Teams alternated goals in a third period that was scoreless until its midpoint. Prior to that, both goalies coped well with threatening attacks that required tricky saves. Dylan Zook next used a behind-the-back attempt to sneak one by Spivey from four yards out but the senior’s effort swerved just wide of goal. The Saxons then enjoyed a man advantage on two occasions but went scoreless during each, with one volley hitting the goal frame and a menacing bounce-shot from close range getting corralled by Sharrer.
Langley saw its goal margin expand to a commanding five when Lundeen provided a well-timed cut toward net to receive a set-up pass from Clubb and snap in from four yards. The Vikings pulled one back soon after, coming directly from a re-start that had a Saxon in possession at midfield but promptly getting his pocket picked from behind. Rabung delivered the assisting pass for attacker Zook to complete the opportunistic, fast break scoring play.
But back again came Langley, this time with Byrne bulling his way in for the score from close range to record his second of the contest. The Saxon middie attracted a hard check while in his shooting motion that altered delivery in a way that appeared to put Sharrer in weaker position for blocking the shot.
The Loudoun Valley goalie got the better of Miller about a minute later when the middie triggered a left-hand shot headed for an open corner of the net, which Sharrer somehow managed to cover with his upper body through quick adjustment to the incoming threat. The Viking keeper saved again about a minute later, just before his side was awarded a 60-second extra-man opportunity with a little over a minute remaining in the third period. Rabung flicked in high over Spivey from four yards to convert the man-advantage goal after Daddio had furnished a vital assisting pass.
On the sinking side of a 7-3 score-line with the fourth quarter nearing, Loudoun Valley saw its prospects, already fairly fragile, weaken considerably in the last second of the third period when a pair of flags signaled two separate infractions leading to a two-man advantage for Langley. Byrne made the best use of an assist from Saxon sophomore attacker Mikey Adams, at the end of a methodical build-up in the advantage, to fire in for his third of the game and the 8-3 lead for Langley less than 20 seconds into the final frame.
Derek Zook then struck back for his Vikings when the senior defender recognized an unsettled situation allowing him to advance for the unassisted goal from 10 yards. But the Saxons pounced with four and maintained their deadbolt defense — Robinson and Bennett joining senior Kas Semancik and juniors Brenden Dwyer and Connor Curry — to seal the result.

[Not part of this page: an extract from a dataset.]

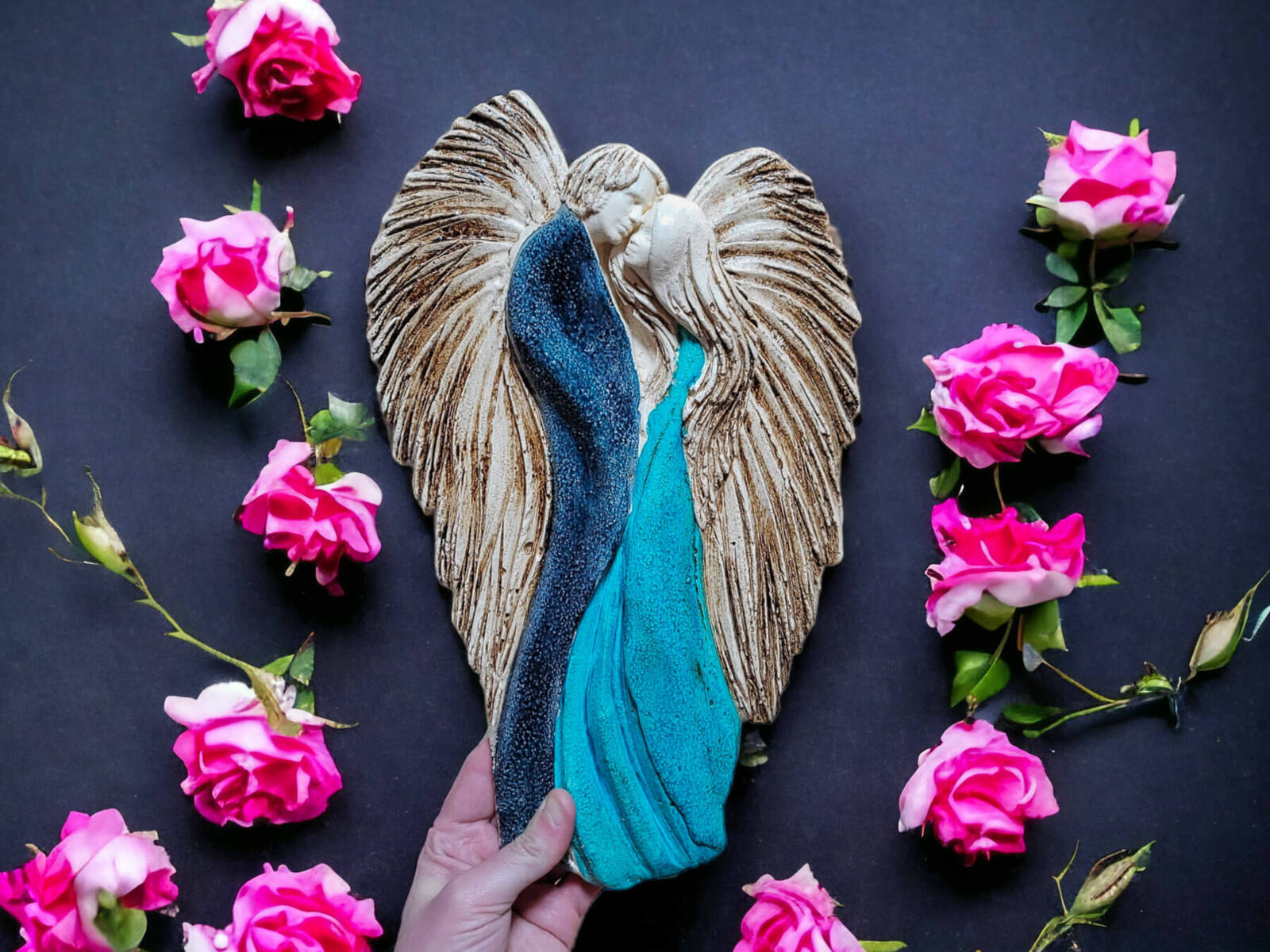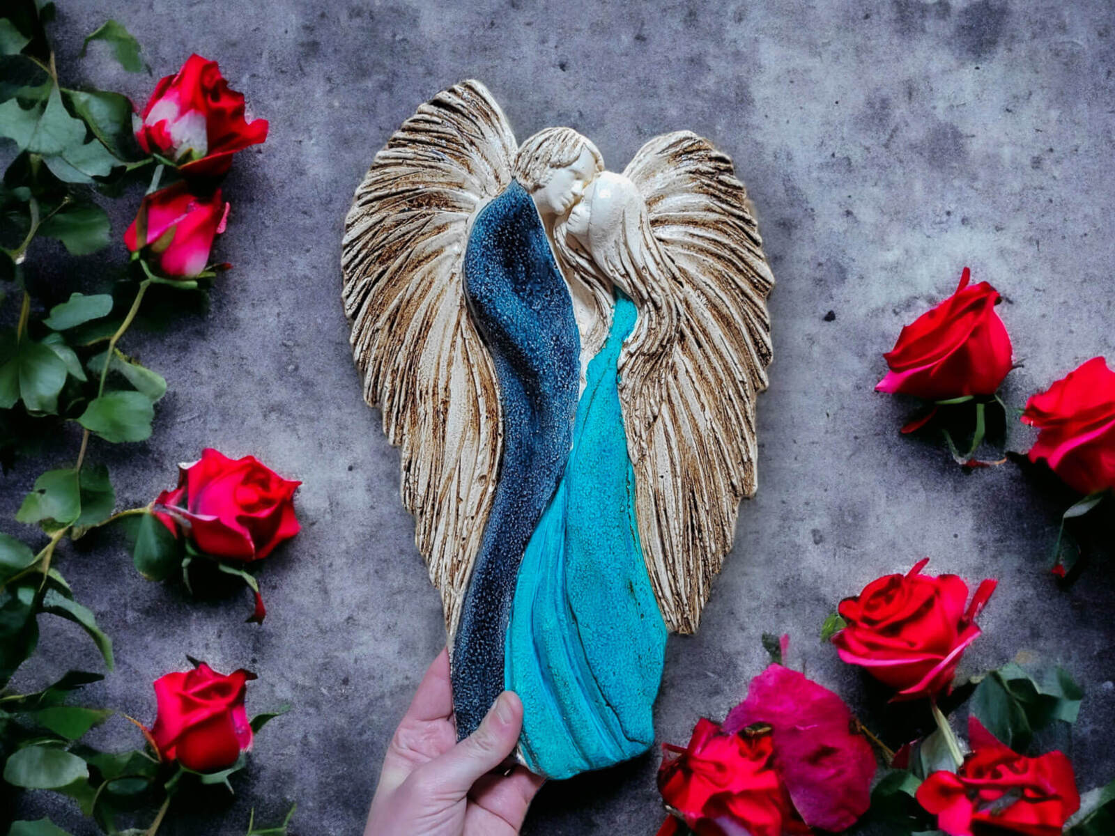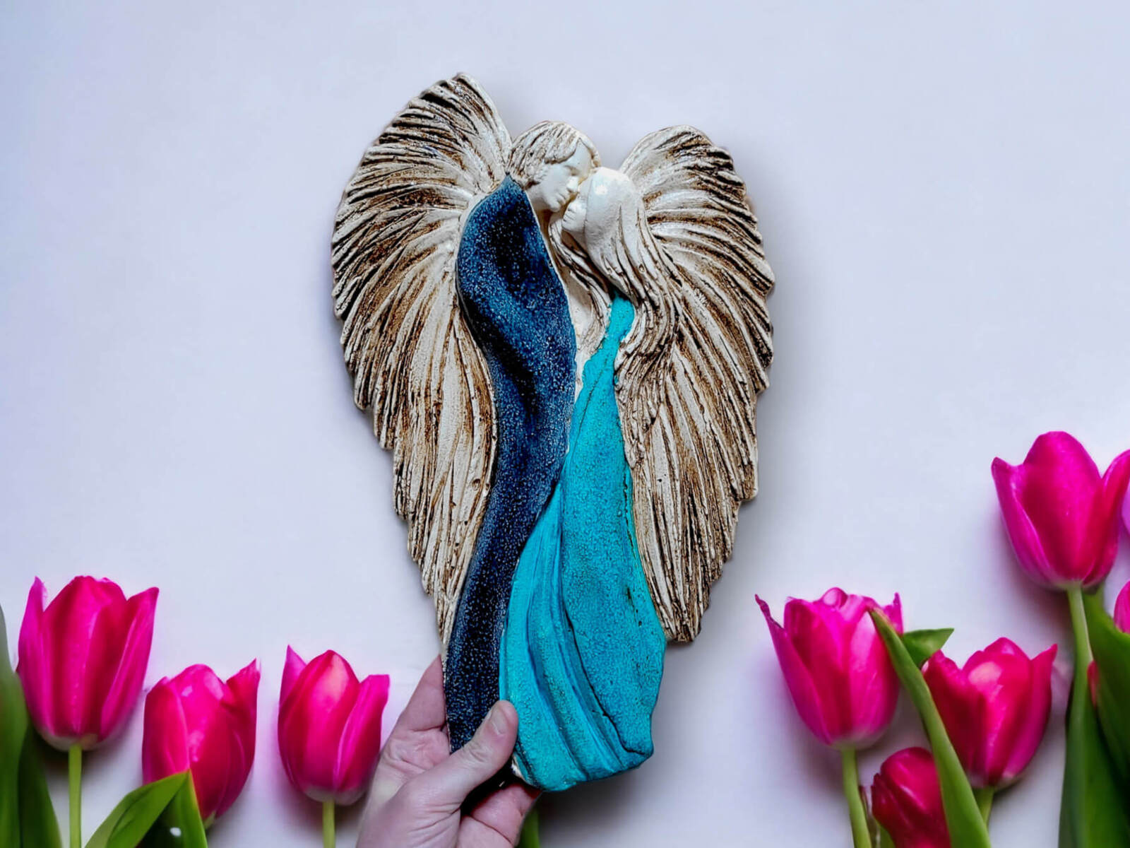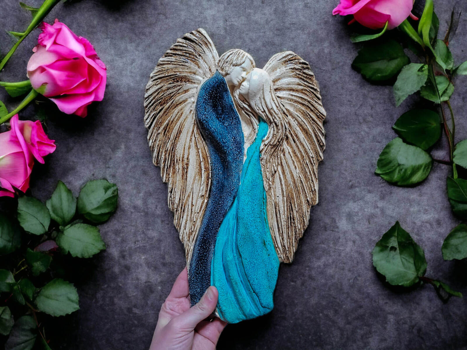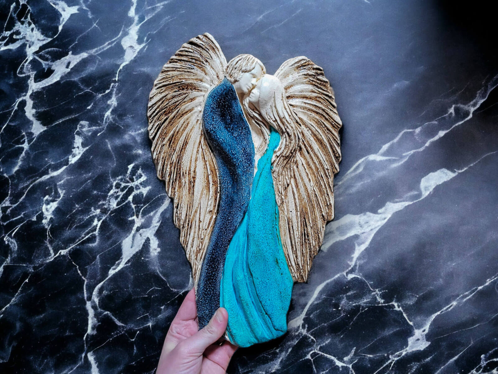 Ręcznie robione i malowane figurki zakochanych aniołów w wersji granatowo turkusowej. Anioły symbolizują wielką miłość, splecione w miłosnym uścisku. Figurka nawiązuje do symbolu energetycznej harmonii - Yin Yang. Idealna na prezent na ślub lub rocznicę ślubu, dla kochającej pary. Pięknie prezentuje się na ścianie w salonie czy sypialni. Klienci twierdzą, że w rzeczywistości wygląda lepiej niż na zdjęciach. Tutaj przeczytasz więcej o harmonii Yin Yang.

Spivey still had work to do during the late stretch, making a fine save on Bunce when the junior was left unmarked just outside the goal crease, then denying another chance for Swankowski after the All-Met defender generated a nice break from his defensive zone that yielded a scoring bid but no goal. Loudoun Valley did get a fifth goal, an unassisted strike from Radcliffe with less than two seconds remaining in the game. This a consolation for the Viking sophomore that brought reply from Langley that only a state champion can offer when the blare of the final horn signifies the season-long race has finally been won.